_RECORDED INFORMATION:_
● ● ● ● ●
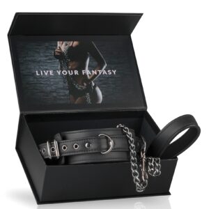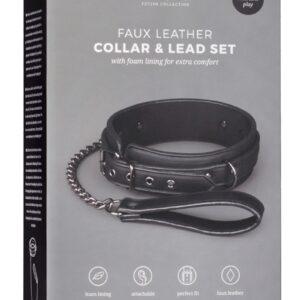 Gardez votre soumis(e) sous votre contrôle avec le “collar and lead set” de Easytoys Fetish Collection, un collier de bondage de qualité, en cuir synthétique, accompagné d’une laisse en métal.
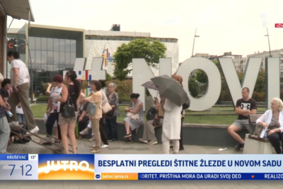 Novosađani koji žele da pregledaju štitnu žlezdu mogu doći ovde ispred državnog centra na Bulevaru cara Lazara gde se mi trenutno i nalazimo i tu u periodu od 13 do 19 časova.
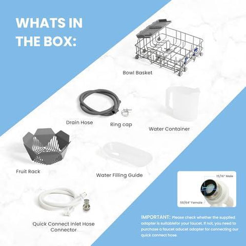 - [ No installation needed ]: Adding water manually in the upgraded 6 Liter built-in water tank, you can put the dishwasher in any suitable place without connecting to tap water. Or it can be hooked to the kitchen faucet directly with the included quick connect water hose (Adapter included).
● ● ● ● ●
_AIM OF THE TASK:_ Leave every image out, and retype the material exactly.

_ANSWER TO THE EXERCISE:_
 Gardez votre soumis(e) sous votre contrôle avec le “collar and lead set” de Easytoys Fetish Collection, un collier de bondage de qualité, en cuir synthétique, accompagné d’une laisse en métal.
 Novosađani koji žele da pregledaju štitnu žlezdu mogu doći ovde ispred državnog centra na Bulevaru cara Lazara gde se mi trenutno i nalazimo i tu u periodu od 13 do 19 časova.
 - [ No installation needed ]: Adding water manually in the upgraded 6 Liter built-in water tank, you can put the dishwasher in any suitable place without connecting to tap water. Or it can be hooked to the kitchen faucet directly with the included quick connect water hose (Adapter included).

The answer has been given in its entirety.